I am not an official answer person, but IMO, the first question is:  “Is the source for TestSerDe.jar ‘open source’ under an ALv2-compatible license?”.


If “yes”, then supply the source in the source release and not the JAR.  One of the reasons for “no compiled code in a source release” is that it is very difficult to verify that compiled code is “correct” and not corrupted, infected with a virus, etc.


If “no”, then treat as a 3rd-party dependency.  Which may mean you can’t use it or need to treat it as optional, or a runtime dependency.


The related question is:  How do folks modify this JAR?  If it was a JPEG, there are plenty of JPEG modification tools.  There really aren’t JAR modification tools that modify JARs internal .class files, you really should use the source files.  I am still surprised/puzzled by the answer in the thread you linked to.  It still seems in both cases that a “binary” is being supplied for “convenience”.  IMO, there should be very few, if any, things in an Apache source repo that are “unmodifiable”.


The “workaround” of renaming the .jar or .class files to something else so it isn’t seen as executable code seems like it still doesn’t fully meet the spirit of an open source release, either, but better than shipping executable code in a source package.


On the other hand, I would not hold up a release for an issue like this.  Fix it in some future release.


My 2 cents,



From: Sean Owen <srowen@apache.org>
Reply-To: "legal-discuss@apache.org" <legal-discuss@apache.org>
Date: Monday, June 25, 2018 at 7:34 AM
To: "legal-discuss@apache.org" <legal-discuss@apache.org>
Cc: "justin@classsoftware.com" <justin@classsoftware.com>, "dev@spark.apache.org" <dev@spark.apache.org>
Subject: Re: LICENSE and NOTICE file content


@legal-discuss, brief recap:


In Spark's test source code and release, there are some JAR files which exist to test handling of JAR files. Example: TestSerDe.jar in https://github.com/apache/spark/tree/master/sql/hive/src/test/resources/data/files 


Justin raises the legitimate question: these don't belong in a source release, do they?

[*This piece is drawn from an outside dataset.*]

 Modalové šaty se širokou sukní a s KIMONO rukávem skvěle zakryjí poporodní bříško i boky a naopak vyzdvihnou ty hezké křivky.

My operating theory had been that they are more like binary blobs w.r.t. Spark, like a test JPEG or data file, and are not the compiled version of any test code in Spark. They need to exist in order to run the tests from a source release. So it's not quite a case of shipping compiled Spark code in a source release.

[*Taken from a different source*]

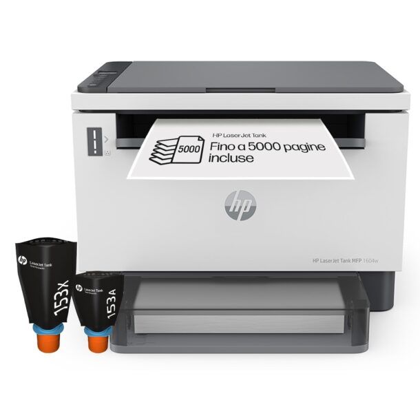 In termini di design, la HP Laser Tank 1604w è elegante e compatta. Il suo colore bianco la rende adatta a qualsiasi ambiente di lavoro o domestico. Nonostante le sue dimensioni ridotte, questa stampante è in grado di gestire un vassoio di alimentazione da 150 fogli, permettendoti di stampare grandi quantità di documenti senza dover continuamente ricaricare il vassoio.

I can imagine three opinions:


1) It's OK.

2) It's OK, but you need to include the source code to even those test JAR files somewhere

3) It's not fine, and the toolchain has to separately build these from source first automatically


I found https://markmail.org/thread/nf3lsdy5m3c3ovbr on legal-discuss previously, which seems to incline towards 2.


I'm also inclined towards 2, as 3 is probably relatively tricky in practice even though that's a nice-to-have.

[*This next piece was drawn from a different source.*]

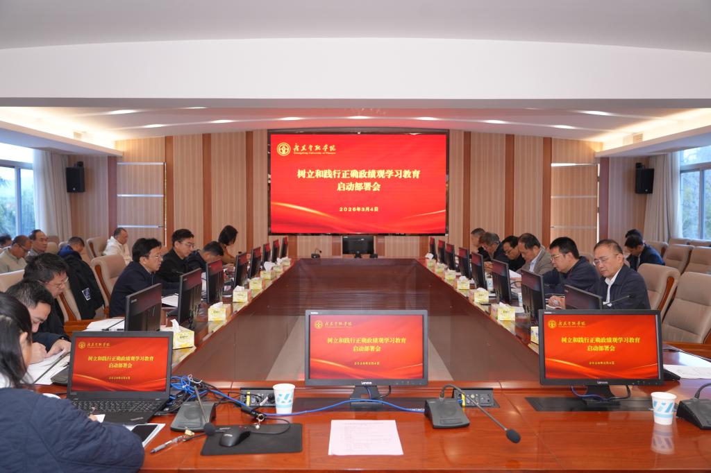 会议强调,要坚持学习教育和推动发展“两手抓、两促进”。将开展学习教育与落实教育强国战略部署、学校“十五五”战略谋划、落实2026年重点工作任务等相结合,将正确政绩观贯穿办学治校全过程、各方面。引导党员干部深刻领悟正确政绩观的丰富内涵和实践要求,推动全面从严治党向纵深发展,为学校事业发展提供坚实组织保障和干部保证,以正确政绩观凝聚攻坚合力、激发干事动能,以正确政绩观推动学校高质量发展迈上新台阶。

I'd welcome opinions on this one.





On Sat, Jun 23, 2018 at 7:34 PM Justin Mclean <justin@classsoftware.com> wrote:

> It's not test code; test code would indeed have to be distributed as source as well. They are binary blobs, if you like, needed by test code, that happen to be JARs here and not JPEGs or .docx files or something. These help test handling of JAR files.

Which IMO is still not allowed in a source release, but as I said it would be best for you to check on legal discuss.